Charles Howard Wright was a Detroit physician and founder of the Charles H. Wright Museum of African American History. He was born on September 18, 1918, in Dothan, Alabama and attended the State Teachers College (later known as Alabama State College, and now Alabama State University), and then Meharry Medical University, from which he graduated in 1943.
Wright practiced general medicine in Detroit, Michigan from 1946 to 1950, when he heard of a position at Harlem Hospital in obstetrics and gynecology. Wright had wanted to study obstetrics and gynecology at medical school but because the classes were full had settled for two internships in pathology: one at Harlem Hospital in New York City, and the second at Cleveland City Hospital in Cleveland, Ohio. He completed his residency in New York in 1953 and returned to Detroit where he received admitting privileges at Hutzel Women’s Hospital, gaining his license as a general surgeon and OB/GYN specialist in 1955.

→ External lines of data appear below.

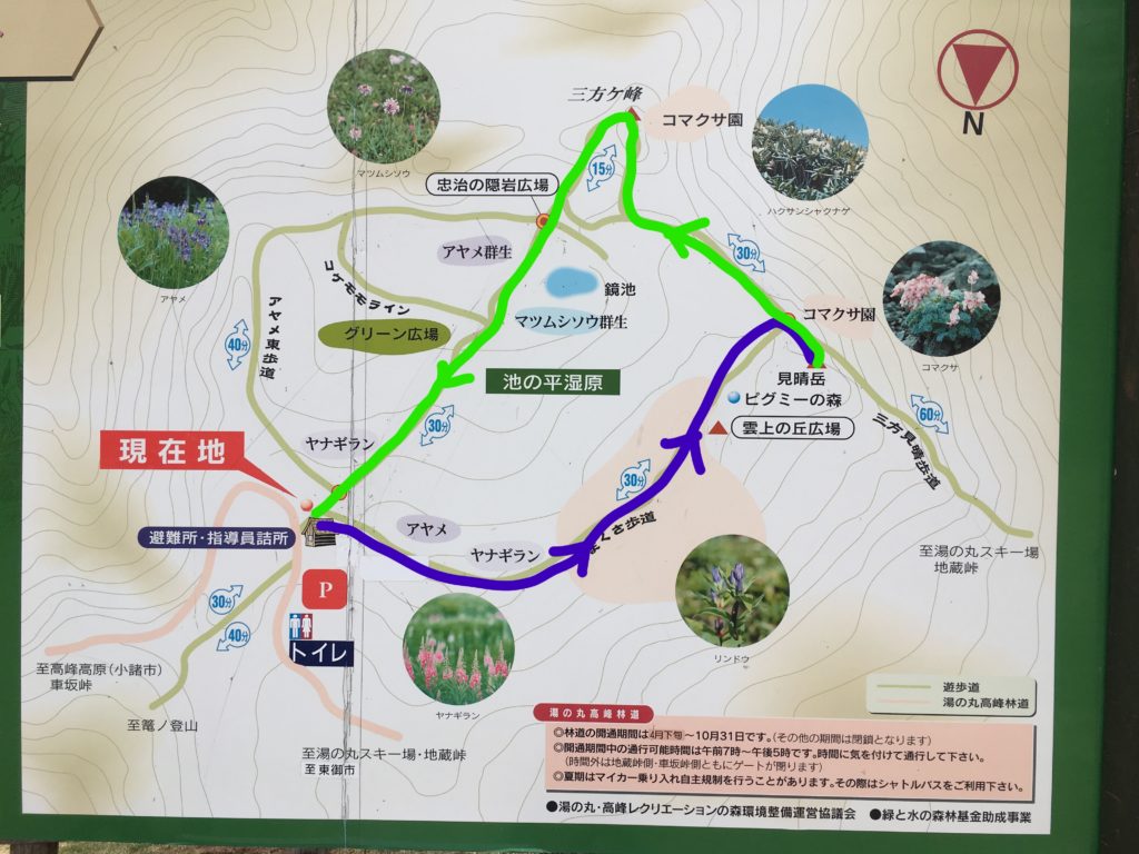 字が消えてしまっていますが、こまくさ歩道を通り見晴岳へ。そこから三方ヶ峰を経由し、鏡池を横目に木道から駐車場へ戻ります。
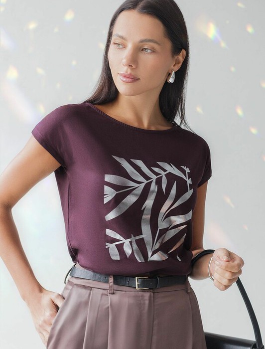 Совместные покупки Тюмень Женская одежда Футболки — 09.04 Vilatte Футболка D49.134 бургунди_листики
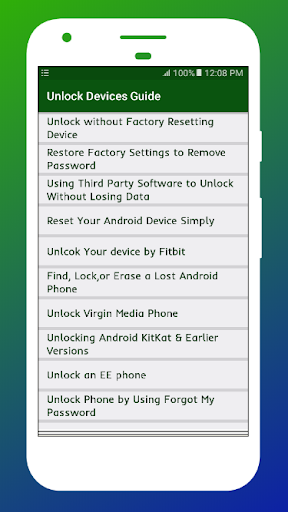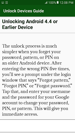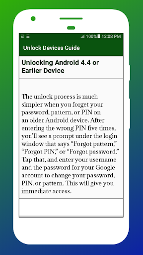 Unlock any device guide free to protect and secure data. Everyone needs to secure data or preventing unauthorized use of his data in this modern era. One method to protect your phone data is to lock your phone screen by pattern, pin or in other way like face recognition. This app provide guide to solution of problems of device locking or unlocking. Easy Unlocking Guides Process Explained.
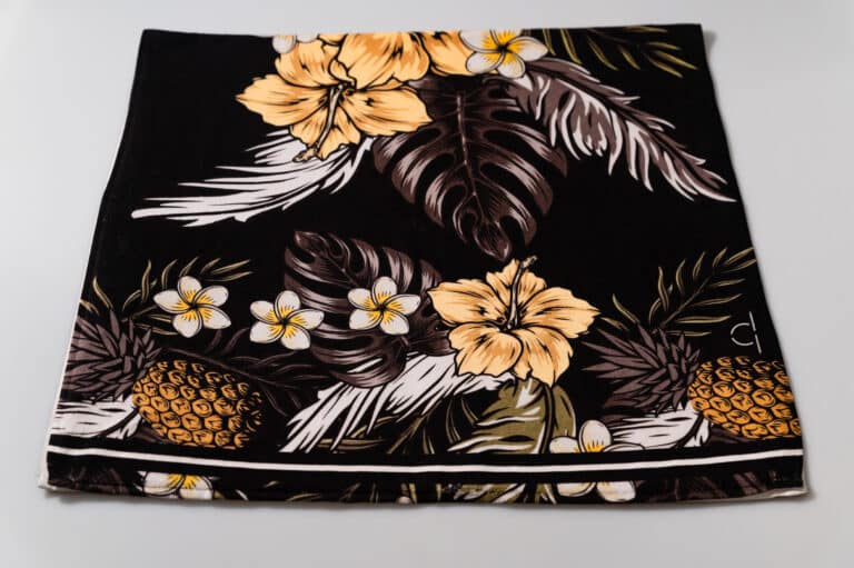 Πετσέτα θαλάσσης 100% βαμβακερή με all-over μαύρο/ώχρα τύπωμα. Συνδυάστε με ίδιο μαγιό και ντύσιμο παραλιας
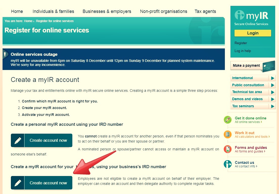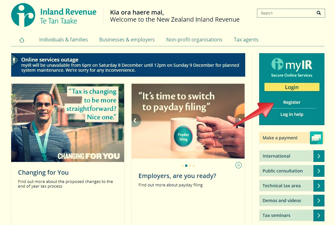 1. IRD 웹사이트에 접속하세요. (www.ird.govt.nz)
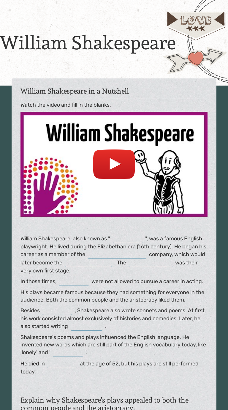 Shakespeare invented or at least wrote down a lot of words and phrases that are still used today. At Year 1 MasteryYear 2 SecureYear 3 Emerging. Ad The most comprehensive library of free printable worksheets digital games for kids. 1557 Williams parents John Shakespeare and Mary Arden were married.
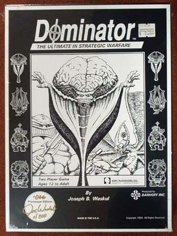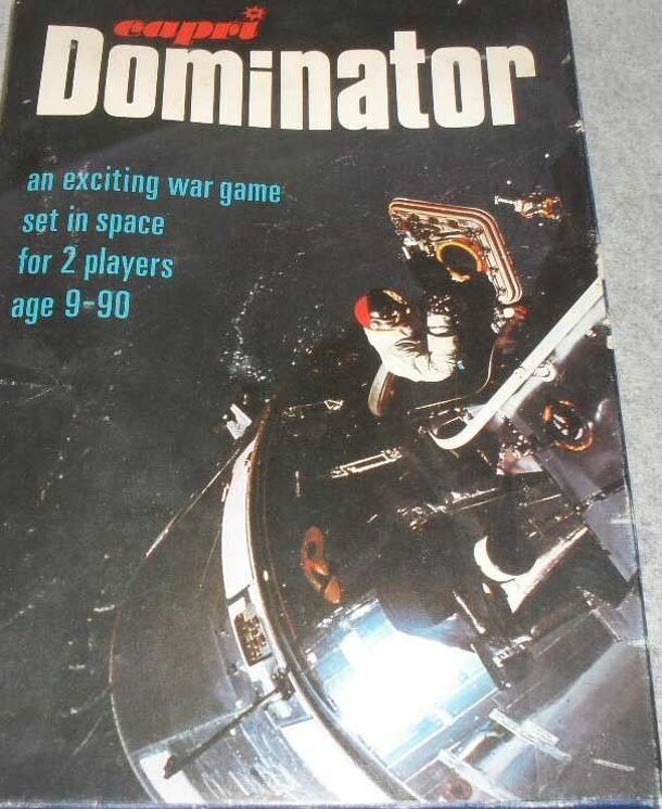 From the box: "An exciting war game set in space for 2 players age 9 - 90." From the rules: "Dominator is a war between two Battle Fleets for space domination. Each player commands a fleet which consists of a Flagship and fourteen War Craft. The object of the game is to manoeuvre the War Craft to capture the opponents Flagship. In each Battlefleet there...
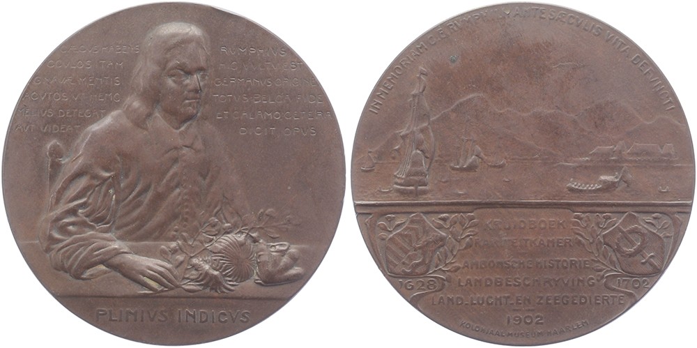 1902 Overlijden G.E. Rumphius 200 jaar geleden. Aan tafel zittende Rumphius met kruiden en zeegewassen. / Gezicht op haven van Ambon. Æ 50. Zw. 306; KB I-500. (J.J. van Goor). Zeer fraai.
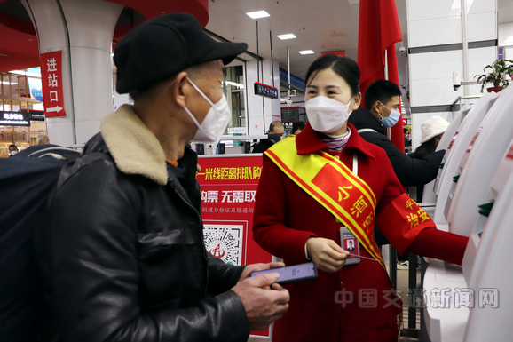 陕西省西安市纺织城客运站“小酒窝”志愿者引导乘客购票。

During his career Wright was chief resident at Harper-Grace Hospital, chief resident at Sinai Hospital, and assistant professor of OB-GYN at Wayne State University School of Medicine. He also served as chief surgeon at Hutzel Hospital until his retirement in 1986.

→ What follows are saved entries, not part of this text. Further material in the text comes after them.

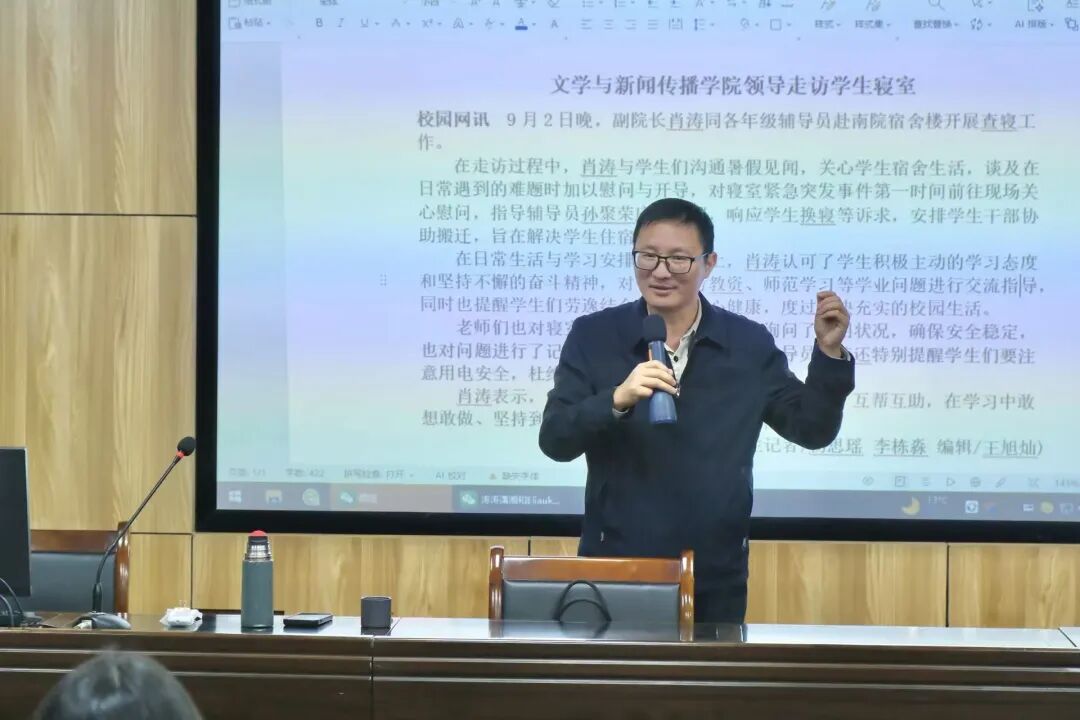 肖濤以往期稿件為案例,圍繞如何撰寫高質(zhì)量新聞稿展開指導。他強調(diào),新聞采寫需嚴格遵循“五要素”規(guī)范,既要精準用詞、聚焦核心信息,也要注重正能量傳遞與主題凝練;要通過現(xiàn)場觀察、主動提問等方式豐富細節(jié),增強稿件的真實感與現(xiàn)場感。肖濤表示,通訊社是連接新聞理論與實踐的專業(yè)成長平臺,鼓勵同學們及時復盤不足、珍惜實踐機會,在實操中提升專業(yè)能力。他同時提醒大家強化團隊協(xié)作意識,以學習成長為核心參與社團活動。
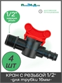 Кран 1/2" наружная резьба для капельной ленты . Упаковка 4 шт
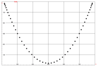 Kendall (1971) applied multidimensional scaling to the cemetery data of Münsingen. The resulting scatterplot showed the form of a horse-shoe where the graves were arranged on the curve according to their chronological order. Similarly, a mapping of the component scores for the first two axes of the correspondence analysis result will display a parabola if the design styles considered are controlled by one factor only (like chronology). This is called the arch effect by Hill and Gauch (1980).[8] Both Kendall and Jensen & Høilund Nielsen (1997) created artificial data sets to show that the parabola results in ideal circumstances. Therefore, it is recommended inspecting the scatterplot of the first two axes of correspondence analysis to find out if other factors play a role as well (see Examples 2 and 3).
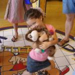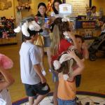at Build A Bear, Kaylin rubbing her bears heart for a smile
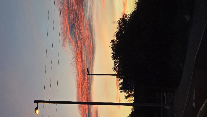 The scene depicts an outdoor environment at dusk in Burjassot, Spain. The upper sky is light blue-grey, transitioning to an orange horizon, with a prominent band of horizontally striated, red-orange clouds extending across the mid-sky. In the foreground on the left, a tall, dark streetlamp is illuminated, emitting a warm yellow light from its fixture. Four dark, thin electrical power lines are visible, spanning horizontally across the sky from left to right. A second, shorter, dark streetlamp with an unlit fixture is positioned to the right of the image center. The lower mid-section of the image is occupied by a dense, dark silhouette of trees or bushes. The ground level in the lower-left quadrant shows a dark asphalt path or road, marked with a curved white line. No individuals or specific activities are observed.
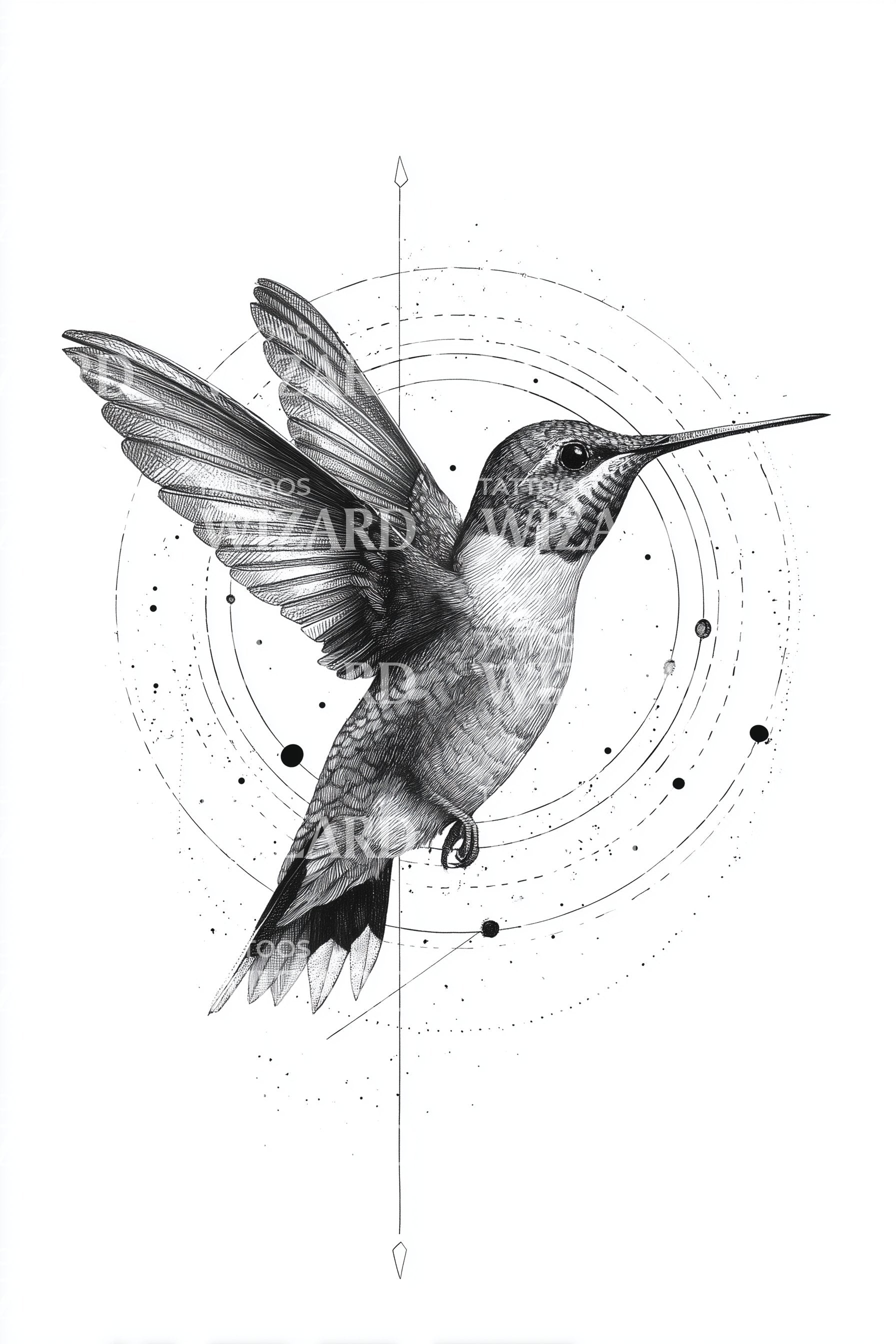 Fine-line geometry frames a poised hummingbird, wings etched with crisp detail, circling within orbital rings and precise points. This union of flight and calculation honors momentum held in balance. A reminder to move lightly yet intentionally, it lends the wearer clarity, resilience, and calibrated joy and quiet focus.

A lifelong member of the NAACP, Dr. Wright served as their physician during the 1965 civil rights marches in Louisiana. The year prior he had conducted medical research in West Africa, which gave him access to many African artifacts, some of which would be displayed in the International Afro-American Museum, which he opened in 1965. The work also led to his establishing the African Medical Education Fund through the Detroit Medical Society.
Passionately focused on health outcomes in the Black community in Detroit, Wright wrote in 1995, The National Medical Association Demands Equal Opportunity: Nothing More Nothing Less. His earlier books focused on activist and actor Paul Robeson: Robeson: Labor’s Forgotten Champion (1975), and The Peace Advocacy of Paul Robeson (1984).

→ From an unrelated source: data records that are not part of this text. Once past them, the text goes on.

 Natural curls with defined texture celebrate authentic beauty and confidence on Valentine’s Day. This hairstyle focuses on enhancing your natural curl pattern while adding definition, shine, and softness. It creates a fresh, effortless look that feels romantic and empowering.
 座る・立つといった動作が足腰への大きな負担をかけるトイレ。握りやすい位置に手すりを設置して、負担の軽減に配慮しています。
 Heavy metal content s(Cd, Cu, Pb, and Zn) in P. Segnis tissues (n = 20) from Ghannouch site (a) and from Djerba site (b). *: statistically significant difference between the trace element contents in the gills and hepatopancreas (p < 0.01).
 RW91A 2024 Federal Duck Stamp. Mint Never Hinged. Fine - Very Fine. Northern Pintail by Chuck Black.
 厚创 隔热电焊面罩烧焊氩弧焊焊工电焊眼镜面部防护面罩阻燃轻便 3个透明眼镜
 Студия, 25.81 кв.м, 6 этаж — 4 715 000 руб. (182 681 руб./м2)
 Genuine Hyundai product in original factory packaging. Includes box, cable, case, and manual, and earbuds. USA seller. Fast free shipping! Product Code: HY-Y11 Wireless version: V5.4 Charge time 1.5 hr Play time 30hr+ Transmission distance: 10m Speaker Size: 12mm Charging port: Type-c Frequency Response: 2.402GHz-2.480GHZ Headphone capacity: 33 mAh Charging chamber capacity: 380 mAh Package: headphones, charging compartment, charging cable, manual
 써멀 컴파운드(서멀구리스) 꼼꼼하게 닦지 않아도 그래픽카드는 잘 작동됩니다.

Among Dr. Wright’s many achievements is opening one of the first museums of Black history in the United States, which he personally financed by donating $1,000 to pay for costs and staff. Recognizing the need for building up the self-pride of Black Americans, an exhibit from the museum toured Michigan a year after the museum’s opening, with the popularity of its contents leading the city of Detroit to grant land for the construction of a new museum in 1978. Almost a decade later the Museum of African American History opened in Midtown a 28,000-square-foot building in the University Cultural Center. In 1997 the museum was expanded with voter-approved construction bonds to encompass 120,000 square feet, making it the world’s second-largest museum of Black history after the Smithsonian Museum of African American History and Culture in Washington, D.C. In 1998 the Detroit museum was renamed the Charles H. Wright Museum of African American History.
Charles H. Wright was married to Louise Lovett Wright until her death in 1985, then to Roberta Hughes who survived him after his death from a heart attack at age 83 on March 7, 2002.